_To do_: Copy the lines from the start of the records below through the line containing "اداره برگزارکننده استعلام: اداره", both included, and leave out the pictures.

_Provided data_:
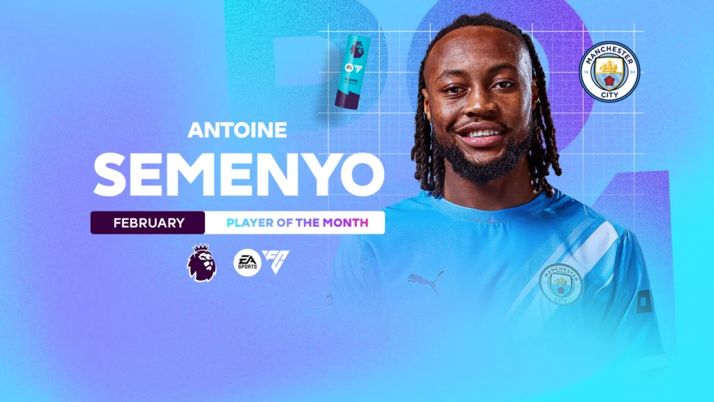 Manchester City attacker Antoine Semenyo has won the February EA SPORTS Player of the Month award, capping an impressive first full month at the club after joining from AFC Bournemouth in January.
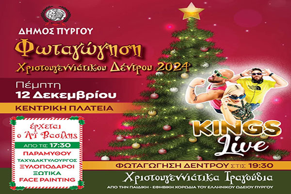 Δήμος Πύργου: Στις 12 Δεκέμβρη η φωταγώγηση του Χριστουγεννιάτικου Δέντρου
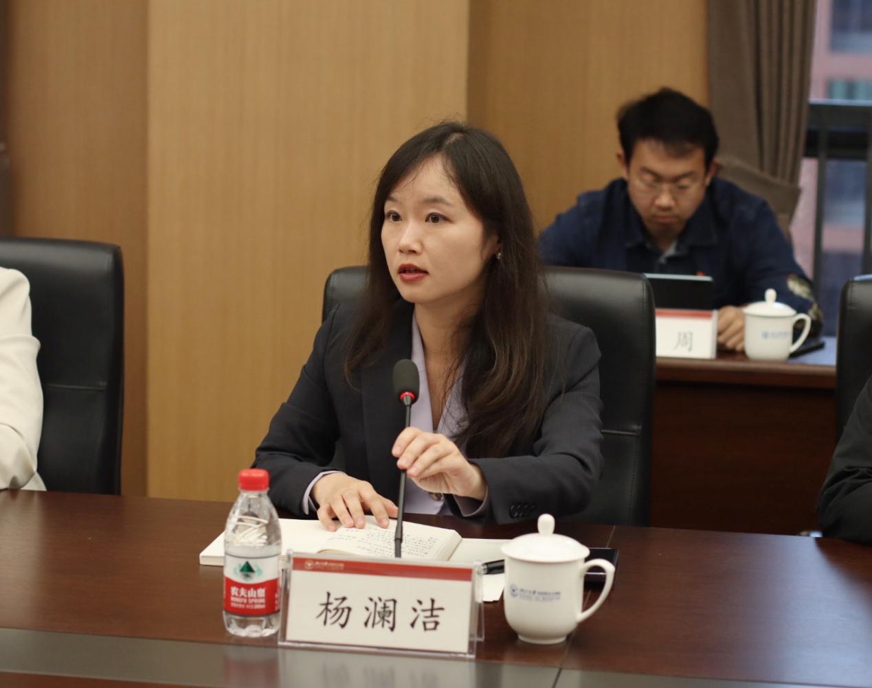 杨澜洁介绍了我院师生在杭州调研娃哈哈、万事利等非公企业党建的体会和收获,并表示要学习浙大马院开展党建工作的宝贵经验,多多进行联学交流。
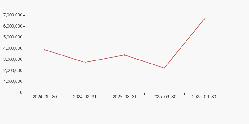 截至2025年9月30日,公司最新总股本为3.84亿股,其中流通股本为3.83亿股。户均持有流通股数量由上期的4780股上升至4961股,户均流通市值15.16万元。
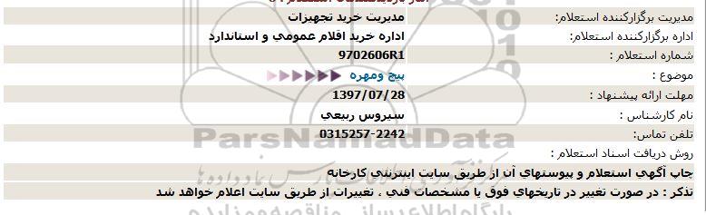 اداره برگزارکننده استعلام: اداره خرید اقلام عمومی و استاندارد
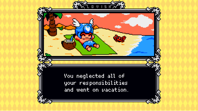 LABS and Matt Kap present Lovish, an outrageous 8-bit-styled action-adventure game! Venture through a series of bite-sized rooms, slicing up monsters, collecting items and getting to the exit! After exiting each room, enjoy a short event scene, in which anything could happen! Will you find an item? A random encounter RPG fight? Will the world get destroyed? Find out by conquering each room of the Devil Lord's castle, one challenge at a time!
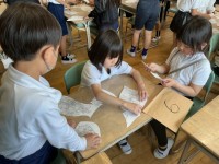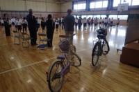 体育館では、ゴムハードルで練習しました。「トン、1,2,3」などリズムをとりながら跳びました。はじめは、一歩一歩確かめつつ、ゆっくり跳びましたが、慣れてくると、スピードを上げて跳ぶことができるようになりました。
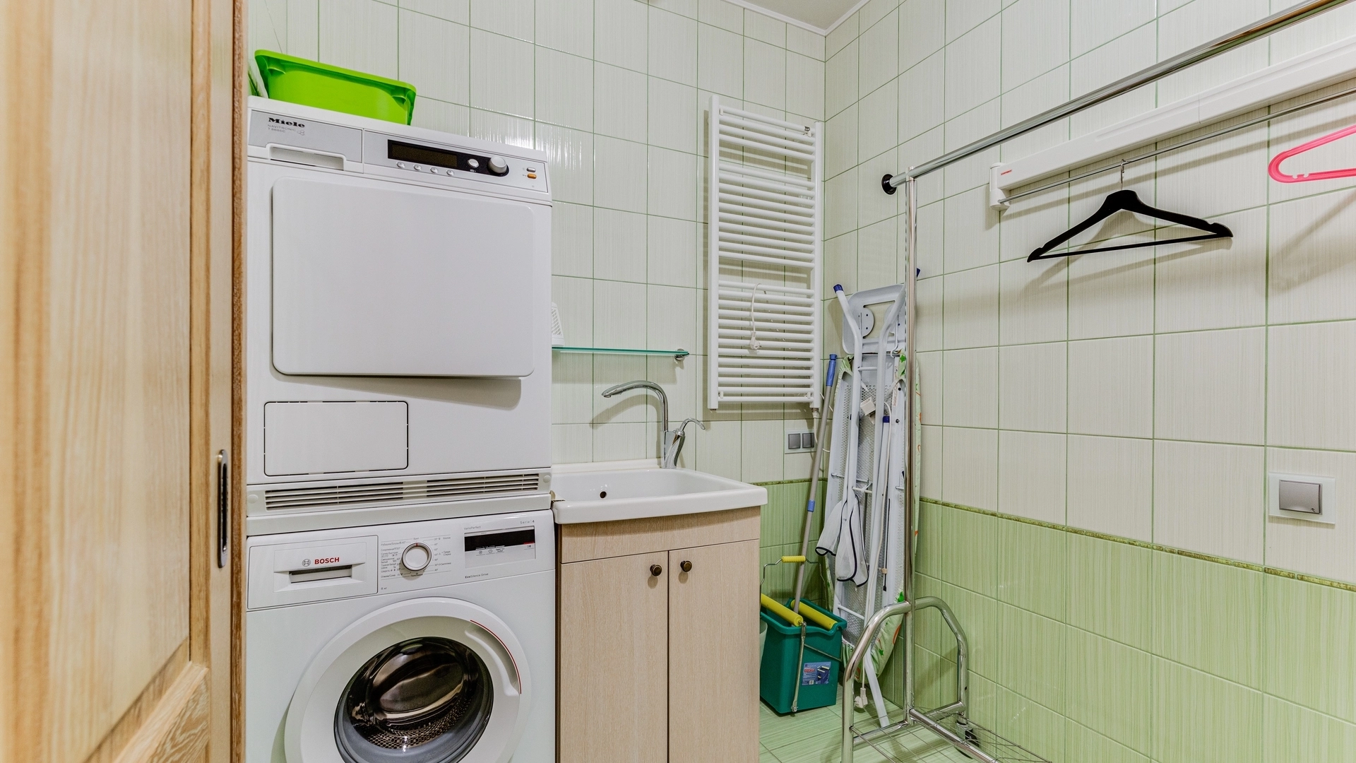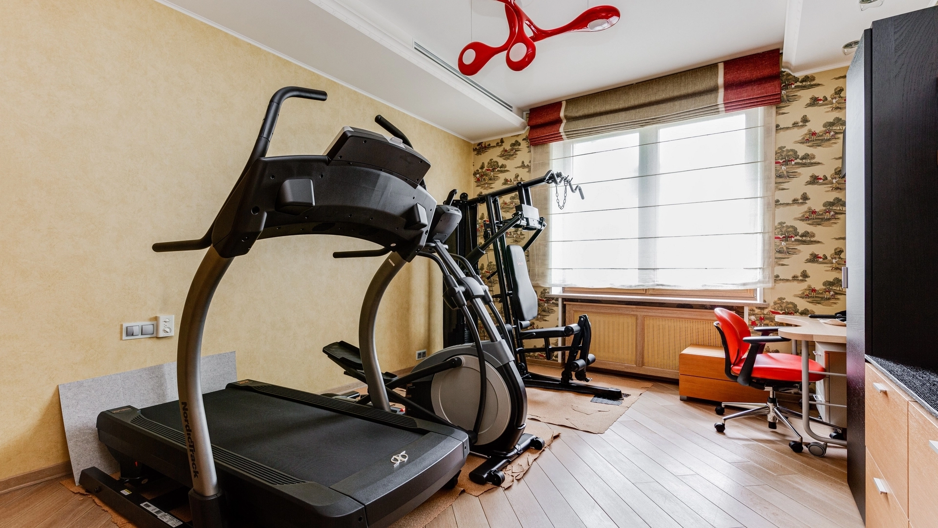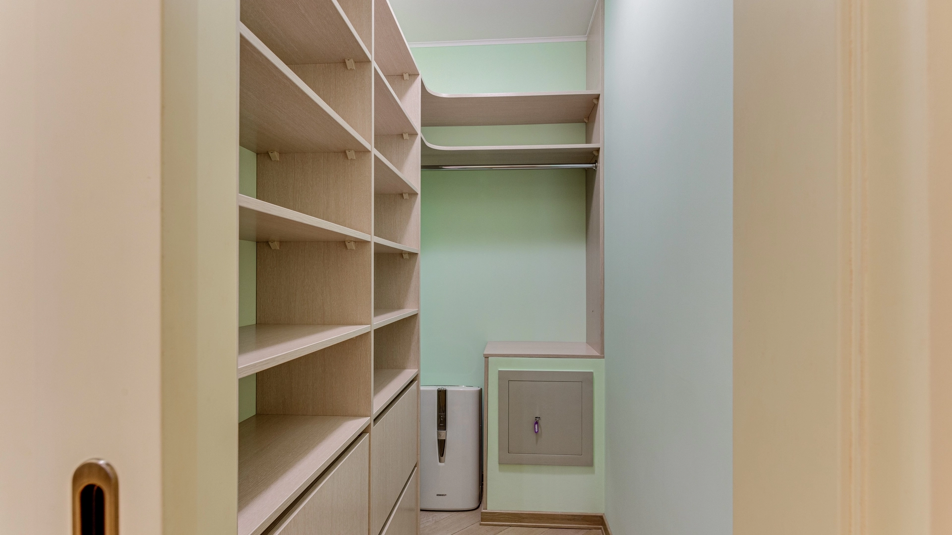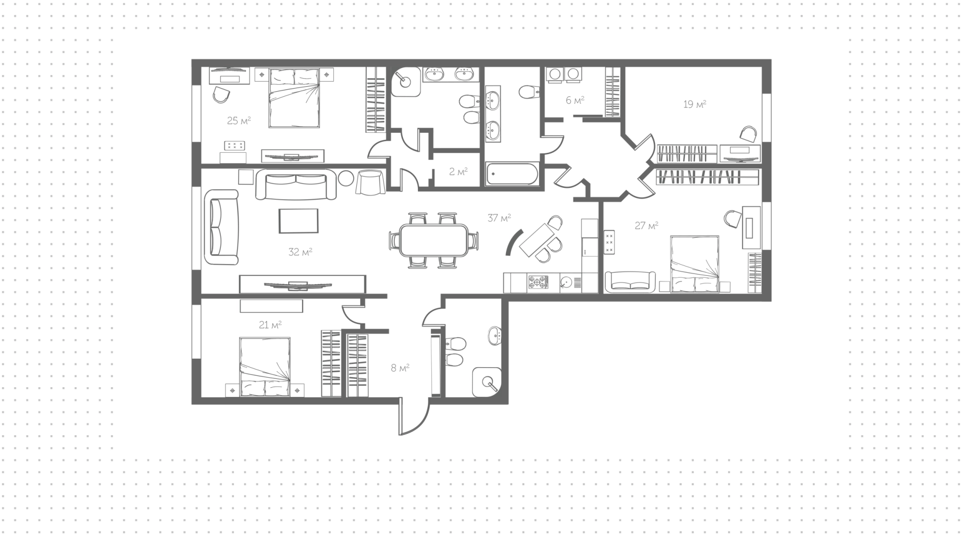 В центральной зоне квартиры — гостиная с кухней и столовой. По периметру расположены 4 спальни. Мастер-спальня с гардеробной и ванной комнатой. Отдельный блок с детской спальней, тренажёрным залом, ванной комнатой, постирочной и холлом. Ближе ко входу — гостевая спальня, санузел и гардеробная. За квартирой закреплено машиноместо в подземном паркинге.

_Task result_:
 Manchester City attacker Antoine Semenyo has won the February EA SPORTS Player of the Month award, capping an impressive first full month at the club after joining from AFC Bournemouth in January.
 Δήμος Πύργου: Στις 12 Δεκέμβρη η φωταγώγηση του Χριστουγεννιάτικου Δέντρου
 杨澜洁介绍了我院师生在杭州调研娃哈哈、万事利等非公企业党建的体会和收获,并表示要学习浙大马院开展党建工作的宝贵经验,多多进行联学交流。
 截至2025年9月30日,公司最新总股本为3.84亿股,其中流通股本为3.83亿股。户均持有流通股数量由上期的4780股上升至4961股,户均流通市值15.16万元。
 اداره برگزارکننده استعلام: اداره خرید اقلام عمومی و استاندارد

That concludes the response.